▸ **WHAT IS NEEDED**:
Output every line below as it stands, dropping only the images.
-------- GIVEN MATERIAL
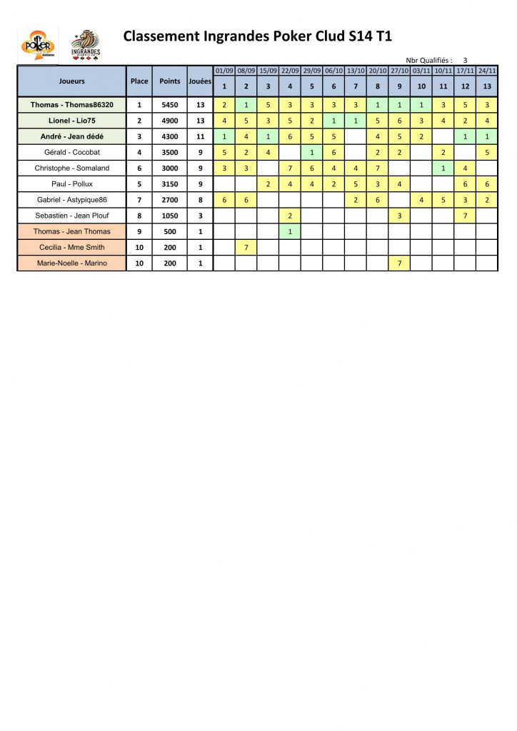 - 3 Victoires / 13 manches
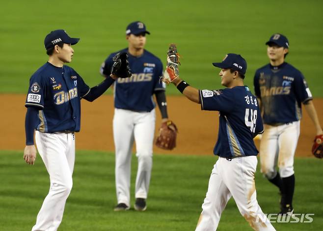 [서울=뉴시스]고승민 기자 = 15일 서울 잠실야구장에서 열린 2021 KBO 리그 NC 다이노스 대 두산 베어스 경기, 5대 0으로 두산을 꺾은 NC 선수들이 자축하고 있다. 이날 NC 선발투수 이재학은 8년만의 완봉승을 거뒀다. 2021.10.15. kkssmm99@newsis.com
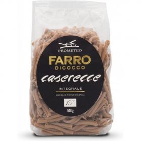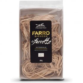 Questa pasta, altamente digeribile, viene prodotta utilizzando solo farro triticum dicoccum minuziosamente selezionato e coltivato dai nostri soci sulle colline umbre e marchigiane, con metodo rigorosamente biologico. Il farro è un cereale antico, ricco di fibre, proteine e principi nutritivi che si ritrovano anche nel prodotto finito grazie all'utilizzo di basse temperature con cui effettuiamo l'essiccazione, che avviene in tempi molto lunghi: circa 12 ore per la pasta lunga e circa 8 ore per la pasta corta. Con il farro produciamo due gamme di pasta Girolomoni®, una pasta bianca utilizzando 100% farina di farro ed una pasta integrale utilizzando 100% farina integrale di farro.
----------------
▸ **EXERCISE RESPONSE**:
 - 3 Victoires / 13 manches
 [서울=뉴시스]고승민 기자 = 15일 서울 잠실야구장에서 열린 2021 KBO 리그 NC 다이노스 대 두산 베어스 경기, 5대 0으로 두산을 꺾은 NC 선수들이 자축하고 있다. 이날 NC 선발투수 이재학은 8년만의 완봉승을 거뒀다. 2021.10.15. kkssmm99@newsis.com
 Questa pasta, altamente digeribile, viene prodotta utilizzando solo farro triticum dicoccum minuziosamente selezionato e coltivato dai nostri soci sulle colline umbre e marchigiane, con metodo rigorosamente biologico. Il farro è un cereale antico, ricco di fibre, proteine e principi nutritivi che si ritrovano anche nel prodotto finito grazie all'utilizzo di basse temperature con cui effettuiamo l'essiccazione, che avviene in tempi molto lunghi: circa 12 ore per la pasta lunga e circa 8 ore per la pasta corta. Con il farro produciamo due gamme di pasta Girolomoni®, una pasta bianca utilizzando 100% farina di farro ed una pasta integrale utilizzando 100% farina integrale di farro.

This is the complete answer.